FOR IMMEDIATE RELEASE
March 9, 2012

Mike Tobin, Public Affairs Specialist, (216) 622-3651

A jury convicted former Cuyahoga County Commissioner Jimmy Dimora of racketeering, bribery, conspiracy, Hobbs Act conspiracy, tax charges and other crimes, federal law enforcement officials announced today.

Co-defendant Michael Gabor, 52, of Parma, Ohio, was also convicted of racketeering, conspiracy to commit Hobbs Act extortion, obstruction of justice and other crimes following a trial before U.S. District Judge Sarah Lioi that lasted nearly two months.

Judge Lioi ordered both men detained.

Dimora, 56, of Independence, was convicted on 33 counts while Gabor, 52, of Parma, Ohio, was convicted on seven counts.

Fifty people – including two judges, the county auditor and now a former county commissioner -- have now been convicted in the federal investigation into corruption in Cuyahoga County. Cuyahoga County is the largest county in Ohio and includes Cleveland.
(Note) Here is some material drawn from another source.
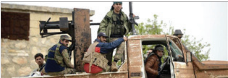
پس از تهدید اردوغان، عملیات عناصر وابسته به ترکیه در حلب آغاز شد

راحتی به خارج از کشور رفت و آمد کند. علاوی با انتشار یک فایل ویدئویی در فیس بوک خود، خواستار «تداوم تظاهرات تا زمان تحقق مطالبات و برگزاری انتخابات زود هنگام» شد. علاوی همچنین وعده داد دولتی را تشکیل خواهد داد که با مطالبات ملت عراق همچون گفت که «در نخست وزیر جدید عراق همچون گفت که «در راستای تعیین زمان انتخابات آینده» تلاش خواهد کرد. علاوی پس از سال ۲۰۰۳ دودوره

Dimora took more than $166,000 worth of bribes in the form of cash, home improvements, lavish meals at high-end restaurants, services from prostitutes, gambling trips to Las Vegas and Canada, and other items, according to testimony.

The bribes were paid in exchange Dimora’s efforts to steer contracts to allies, get jobs and raises for associates, intercede with judges on pending cases, lobby for grants and favorable loans for people who paid him, and other official actions, according to testimony.

Gabor was convicted for his role in orchestrating a sham election against his then-boss, Cuyahoga County Auditor Frank Russo, paying a cash bribe to get his job and paying a bribe to a domestic relations judge as part of Gabor’s divorce case.

Russo has already pleaded guilty for his role in the conspiracy and has been sentenced to more than 21 years in prison.        

The case was prosecuted by Assistant United States Attorneys Antoinette T. Bacon, Ann C. Rowland and Nancy L. Kelley following an investigation by the Federal Bureau of Investigation and Internal Revenue Service – Criminal Investigation. The case agents were FBI Special Agents R. Michael Massie and Christine C. Oliver and IRS Special Agent Kelly Fatula.

The Cuyahoga County corruption investigation is ongoing.